#### Provided material:
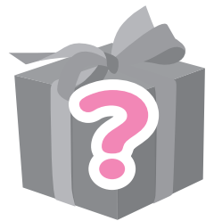
JRオリジナルグッズ
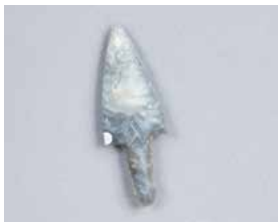
Çaxmaqdaşından ox ucu
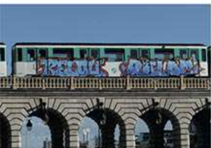
RELOU RELOU - Septembre 2020
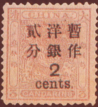
小龙大字改值邮票（贰分，1897年）

邮票（Stamp）是由国家邮政机关发行，供寄递邮件贴用的邮政凭证，自诞生到现在已有150多年的历史。在相当长的一段时期内，这方小小的邮票，方便了人们的通信、交往，为人类作出了巨大的贡献。近些年来，伴随着科学技术的发展以及电话、短信、网络、电邮等现代通信方式的推广普及，邮票逐渐淡出了人们的日常生活；但邮票并没有退出历史舞台，邮票也没有被人们忘记。目前，各个国家的邮政部门还在定期发行邮票，发行邮票的收入还是某些国家重要的财源，这不仅因为邮票发行是一个国家主权的象征，还因为世界各地仍然盛行着以收集、鉴赏和研究为主要内容的集邮活动。
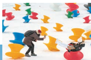
■ 遊客在「雪博會」園區遊玩。

近日，第三十三屆哈爾濱太陽島國際雪雕藝術博覽會開園迎客，走進「雪博會」就像走進了「雪雕博物館」，人們在園區內觀賞遊玩，暢享冬日「雪趣」。雪博會位於太陽島風景區內，靠近松花江，面積達幾十萬平方米，整個景區以雪為主線，設置了不同的主題區域，塑造了大量逼真的雪雕，遊客可以與它們近距離接觸。而且，場內還有大滑梯、冰場、雪地越野車、冰上碰碰車、雪地滑板等親雪體驗活動。

#### Exercise requirements:
Write out again, exactly, each line from the one containing "小龙大字改值邮票（贰分，1897年）" through the last line of the entries, and omit every picture.

#### Solution below:
小龙大字改值邮票（贰分，1897年）

邮票（Stamp）是由国家邮政机关发行，供寄递邮件贴用的邮政凭证，自诞生到现在已有150多年的历史。在相当长的一段时期内，这方小小的邮票，方便了人们的通信、交往，为人类作出了巨大的贡献。近些年来，伴随着科学技术的发展以及电话、短信、网络、电邮等现代通信方式的推广普及，邮票逐渐淡出了人们的日常生活；但邮票并没有退出历史舞台，邮票也没有被人们忘记。目前，各个国家的邮政部门还在定期发行邮票，发行邮票的收入还是某些国家重要的财源，这不仅因为邮票发行是一个国家主权的象征，还因为世界各地仍然盛行着以收集、鉴赏和研究为主要内容的集邮活动。
■ 遊客在「雪博會」園區遊玩。

近日，第三十三屆哈爾濱太陽島國際雪雕藝術博覽會開園迎客，走進「雪博會」就像走進了「雪雕博物館」，人們在園區內觀賞遊玩，暢享冬日「雪趣」。雪博會位於太陽島風景區內，靠近松花江，面積達幾十萬平方米，整個景區以雪為主線，設置了不同的主題區域，塑造了大量逼真的雪雕，遊客可以與它們近距離接觸。而且，場內還有大滑梯、冰場、雪地越野車、冰上碰碰車、雪地滑板等親雪體驗活動。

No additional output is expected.